_YOUR OBJECTIVE_.
Nothing in the entries may change when you repeat them, and no images may appear.

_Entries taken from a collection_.
——

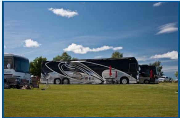
Spacious lots and common area for your enjoyment
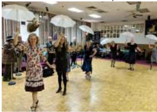
The Parasol Parade in full swing!
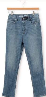
ASHLAND STRAIGHT-LEG JEAN, MEDIUM WASH $78 • GH02211B • 0-22
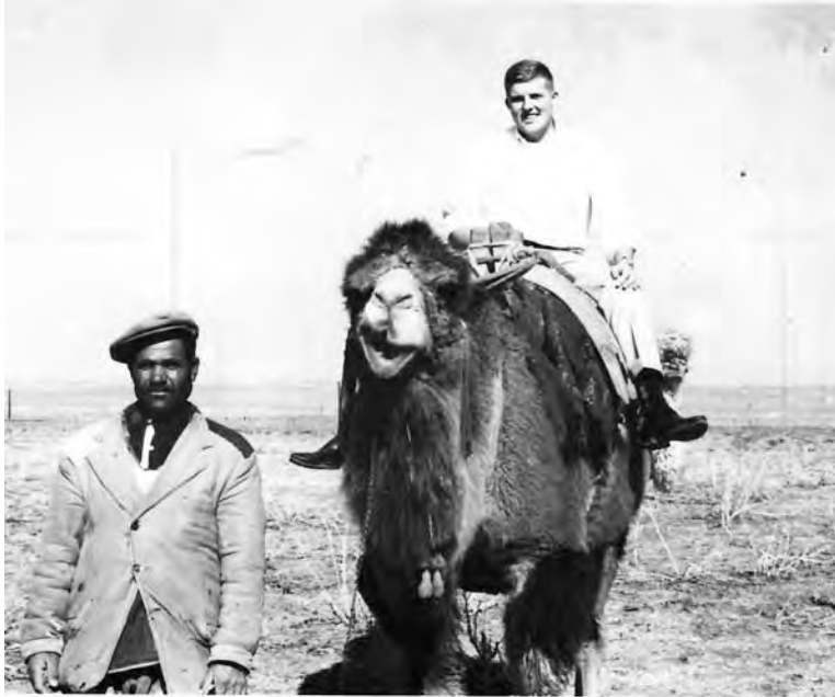
Turkey – What a ride!
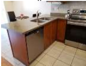
Pic. 13: Kitchen

——

_THE ANSWER_.
Spacious lots and common area for your enjoyment
The Parasol Parade in full swing!
ASHLAND STRAIGHT-LEG JEAN, MEDIUM WASH $78 • GH02211B • 0-22
Turkey – What a ride!
Pic. 13: Kitchen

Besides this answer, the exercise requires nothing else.